Jul 10, 2025 15:40 IST
First published on: Jul 10, 2025 at 15:40 IST
Written by Navami Krishnamurthy
When I was in my late teens, I was travelling in an auto-rickshaw and had an encounter that would stay with me for years. At a traffic light, I noticed a man in the neighbouring rickshaw pointing his phone in my direction. At first, I hesitated to trust my instincts, wondering if I was overthinking. However, when my auto driver started shouting at him, it reaffirmed my fear that I was being recorded without my knowledge or consent. This was my first real encounter of this nature, something that I didn’t have the words to describe. The concept of consent in such situations was alien to me back then, and still is to many people.
Now, a decade later, I am older, more aware and always alert in public spaces. However, despite the passage of time, I fear that the concept of consent remains shifty in our social fabric. In fact, with the rise of social media, consent has taken on new and more complex dimensions that we are only just beginning to understand and navigate.
The arrest of a 26-year-old man in Bengaluru for posting inappropriate photos and videos of a woman on social media brought back a rush of memories and emotions that I had buried. It took me back to when I was 15 years old, unsettled and confused, yet quietly grateful to see that a woman had come forward to report something that so many endure in silence. Her courage made me reflect on the concept of consent, how it should be absolute, fundamental and universal. Yet for far too many, it remains negotiable, irrelevant, or worse, “optional”.
Consent is not optional
Does simply walking down Church Street on a quiet Wednesday morning in Bengaluru amount to giving consent? Does being in a public space mean that you consent to being photographed or recorded, with the possibility of such content being circulated online without your knowledge? To me, and I’m sure to many others, the answer is a firm “no”. Being in public does not strip anyone of their right to privacy. It certainly does not justify targeted, inappropriate recording. Consent does not become irrelevant the moment we step outside. It is not a concept that bends to context or convenience and is never “optional”.
While I speak of the discomfort of being photographed without consent, I am also speaking of something much more serious — public safety.
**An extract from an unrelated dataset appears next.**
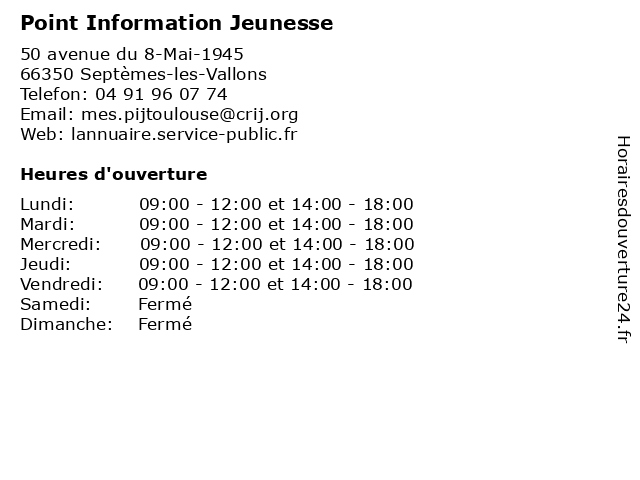 1 Point Information Jeunesse (Distance: 0,03 km) . Place Didier-Tramoni, 13240 Septemes Les Vallons administration, assoc, information, jeunesse, point, services, services publics 2 Point Information Jeunesse (Distance: 1,52 km) 34 Avenue du Vallon-d'Ol, 13015 Marseille administration, assoc, information, jeunesse, point, services, services publics 3 Point Information Jeunesse (Distance: 3,34 km) . Boulevard Du Commandant Tholon, 13015 Marseille administration, assoc, information, jeunesse, point, services, services publics 4 Point Information Jeunesse (Distance: 4,82 km) 38 Avenue de la Viste, 13015 Marseille administration, assoc, information, jeunesse, point, services, services publics 5 Point Information Jeunesse (Distance: 4,89 km) . Place de l'Hôtel-de-Ville, 13320 Bouc-Bel-Air administration, assoc, information, jeunesse, point, services, services publics 6 Point Information Jeunesse (Distance: 9,76 km) 53 Avenue de Frais-Vallon, 13013 Marseille administration, assoc, information, jeunesse, point, services, services publics |
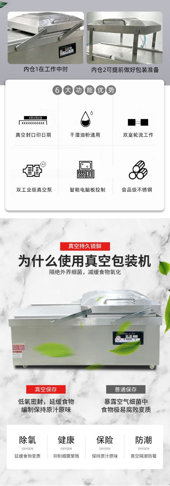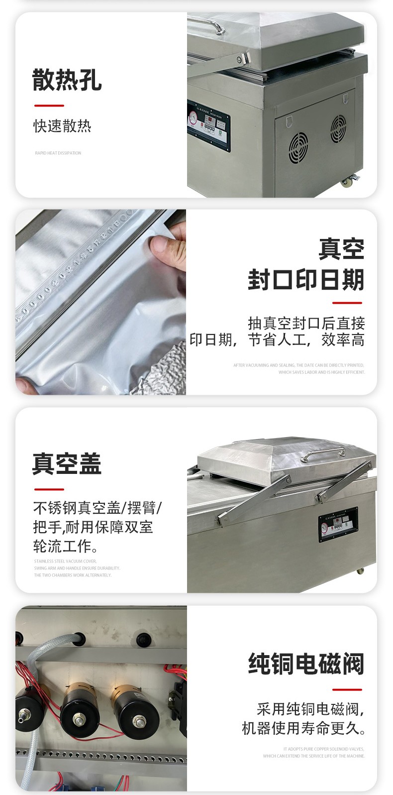 - 人工操作熟练度:操作人员放置产品、抚平袋口、取出成品的速度,直接影响两个真空室的交替衔接效率。新手操作可能导致 “空等” 时间增加。

When someone captures your image without permission, especially with intent, it often feels like the first step in a larger pattern of objectification and stalking.
Women should have the basic right to simply exist without being surveilled or captured. The right to occupy space without being reduced to content. The fear of being watched or recorded changes how we move through the world, and that fear is not just physical; it is also emotional, psychological and gendered, just like the boundary between private and public spaces.
As women, we are conditioned to be hyper-vigilant, to watch how we dress, avoid eye contact, stay alert and walk away from confrontation. But perhaps it’s time to change the conditioning. Why does the conversation always spin to the legitimacy of non-consensual photography and not the entitlement behind it? Being in public does not mean that women consent. It never did.